| Task brief |
Below are some records. Set down exactly the line holding "在光启东莞生态园的研发基地,集广域互联网" and every later line through the end, omitting the pictures.

| Records for this task |

◆ ◆ ◆ ◆ ◆ ◆ ◆

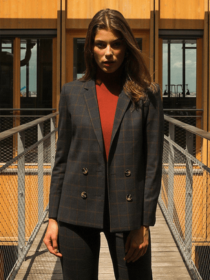 Veste de tailleur bleu d'Ecosse à carreaux de 17h10
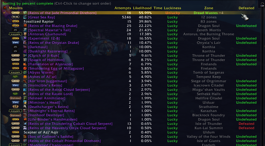 I’m using the addon Rarity to track my mount attempts, and I have officially swapped over to ‘unlucky’ when it comes to getting the jade primordial direhorn mount. This comes from Warbringers in Pandaria zones, and I’ve already obtained the Amber and Slate ones, but the Jade one is a whole different beast.
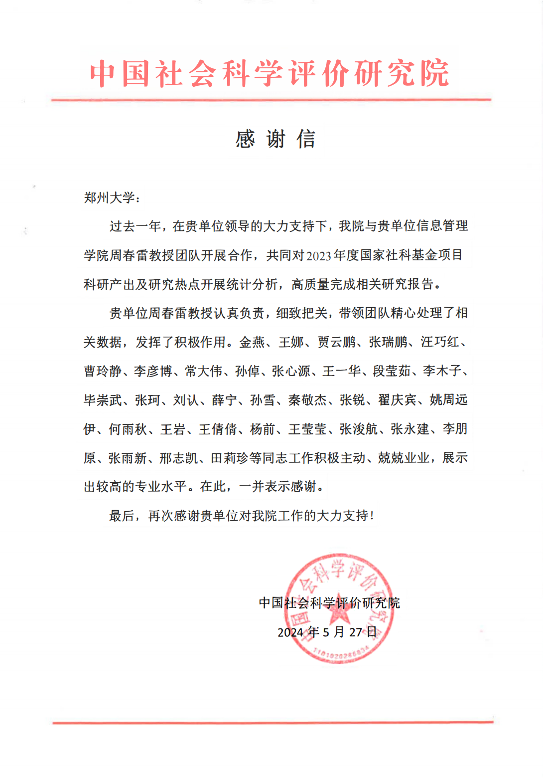 中国社会科学评价研究院感谢信
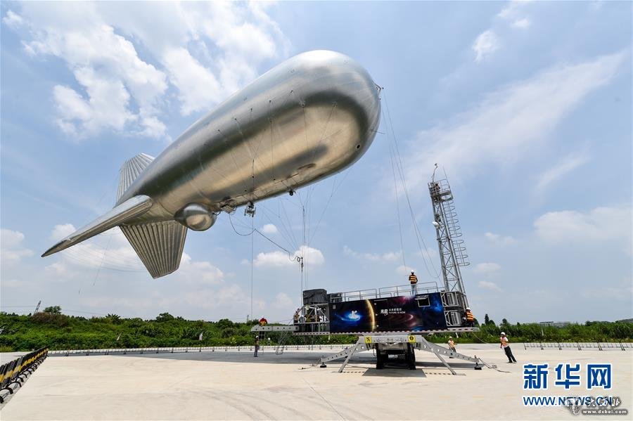在光启东莞生态园的研发基地,集广域互联网信息传输和光学监控于一体的“云端号”准备升空(2016年7月7日摄)。新华社记者毛思倩摄
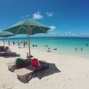 ビーチのパラソルで休憩しましたが有料のようでした。
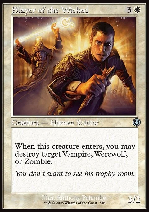 When Slayer of the Wicked enters, you may destroy target Vampire, Werewolf, or Zombie.
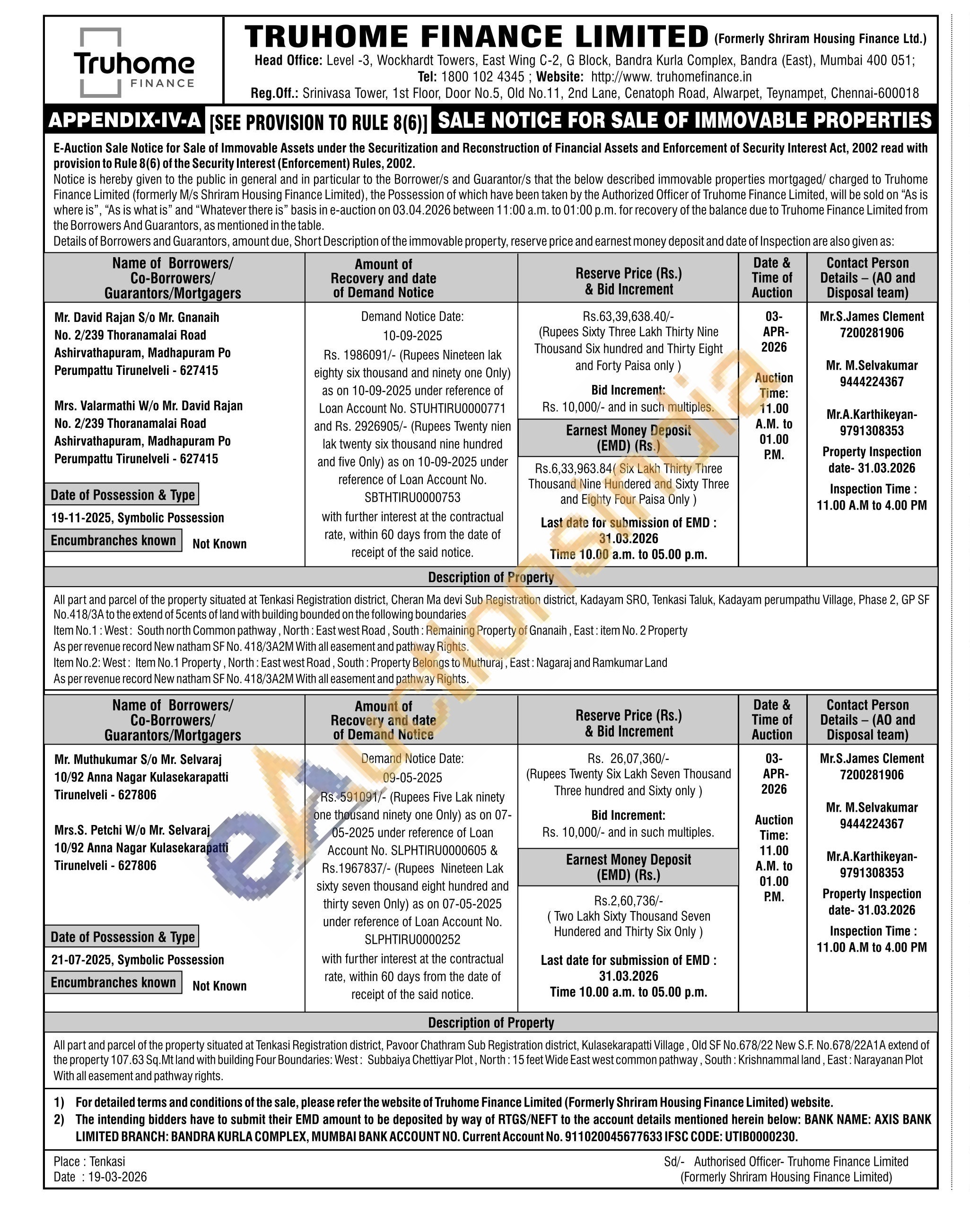 All part and parcel of the property situated at Tenkasi Registration district, Pavoor Chathram Sub Registration district, Kulasekarapatti Village, Old SF No.678/22 New S.F. No.678/22A1A extend of the property 107.63 Sq. Mt land with building Four Boundaries: West: Subbaiya Chettiyar Plot, North: 15 feet Wide East west common pathway, South: Krishnammal land, East: Narayanan Plot With all easement and pathway rights.
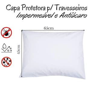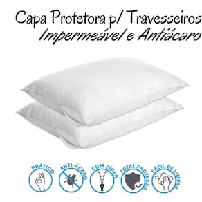 Capa Protetora para Travesseiro Impermeável e Antiácaro com Zíper Os especialistas explicam que os itens antiácaros impermeáveis são o que impede o contato dos ácaros e seus dejetos, protegendo os tecidos e que ficam na parte interna do travesseiro e colchão. Com isso impede a proliferação dos ácaros e evitando alergias. Tecido Macio Pratico Antiácaro Composição 100% polipropileno 100% Polietileno forro Medida: 65cm x 45cm

◆ ◆ ◆ ◆ ◆ ◆ ◆

| Result for this task |
在光启东莞生态园的研发基地,集广域互联网信息传输和光学监控于一体的“云端号”准备升空(2016年7月7日摄)。新华社记者毛思倩摄
 ビーチのパラソルで休憩しましたが有料のようでした。
 When Slayer of the Wicked enters, you may destroy target Vampire, Werewolf, or Zombie.
 All part and parcel of the property situated at Tenkasi Registration district, Pavoor Chathram Sub Registration district, Kulasekarapatti Village, Old SF No.678/22 New S.F. No.678/22A1A extend of the property 107.63 Sq. Mt land with building Four Boundaries: West: Subbaiya Chettiyar Plot, North: 15 feet Wide East west common pathway, South: Krishnammal land, East: Narayanan Plot With all easement and pathway rights.
 Capa Protetora para Travesseiro Impermeável e Antiácaro com Zíper Os especialistas explicam que os itens antiácaros impermeáveis são o que impede o contato dos ácaros e seus dejetos, protegendo os tecidos e que ficam na parte interna do travesseiro e colchão. Com isso impede a proliferação dos ácaros e evitando alergias. Tecido Macio Pratico Antiácaro Composição 100% polipropileno 100% Polietileno forro Medida: 65cm x 45cm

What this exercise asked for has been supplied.